Sure, will repost the OP. I did forget about the hidden state - and while the trivial solution is to have a third system, there are ways of doing it without that. They're more cryptographically-intensive, though, and require making some assumptions about hiddenness.

If it can be assumed that hidden state starts at a shuffle and something that was once public or private can never become hidden without a shuffle, there's a simple solution: https://en.wikipedia.org/wiki/Mental_po ... encryption

In fact, there's a C++ library that implements the appropriate cryptography - http://www.nongnu.org/libtmcg/

I'm not sure how feasible either rewriting that in Java or using JNI to make use of it would be, though.

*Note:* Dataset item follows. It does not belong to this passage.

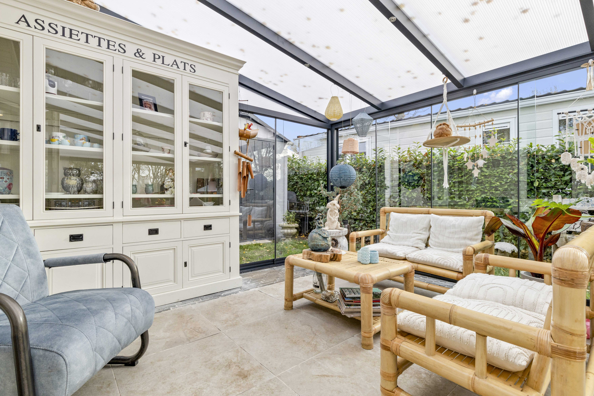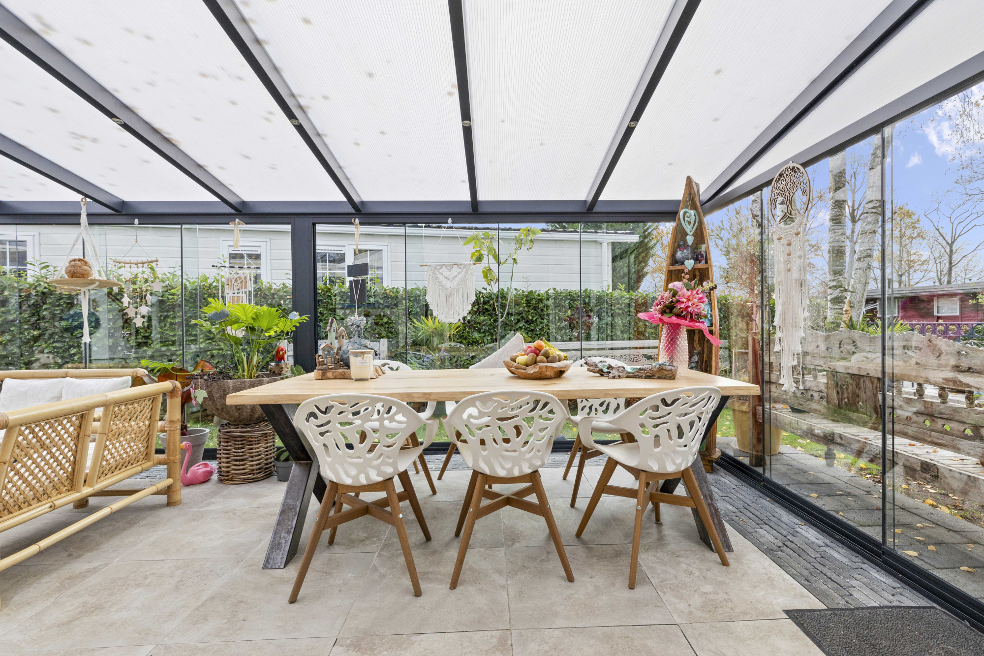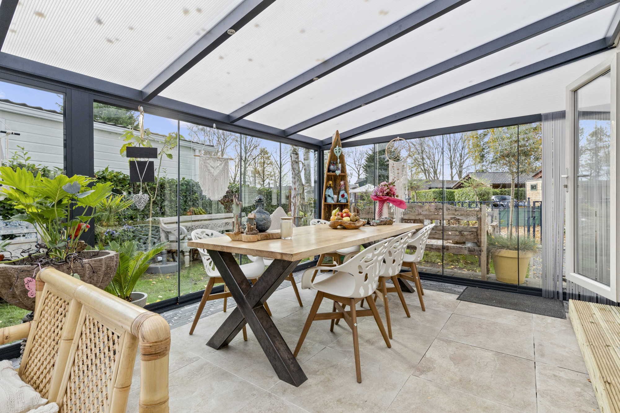 Stap binnen in deze stijlvolle en moderne tuinserre, volledig omgeven door glas en voorzien van een elegante glazen schuifpui. De serre vormt een harmonieuze overgang tussen binnen en buiten, waardoor je in elk seizoen kunt genieten van natuurlijk licht, het uitzicht op de tuin en ultieme rust.

EDITED TO ADD: Just found a paper where Jif (a JVM-based cryptography framework) was used to implement mental poker: http://www.cs.cornell.edu/~aslan/jifpoker/

Since they provide the code under the 3-clause BSD license, it can be used directly!

I'll update my original message with this when I cross-post it.

[pufthemajicdragon]

Out of curiosity, is there any particular thread that focuses specifically on the progress of network play development? That's a feature I'd like to keep my eye on. I think it's also worth saying that there are probably a good number of Forge users who would like network play but don't contribute actively to the forums or development (like myself).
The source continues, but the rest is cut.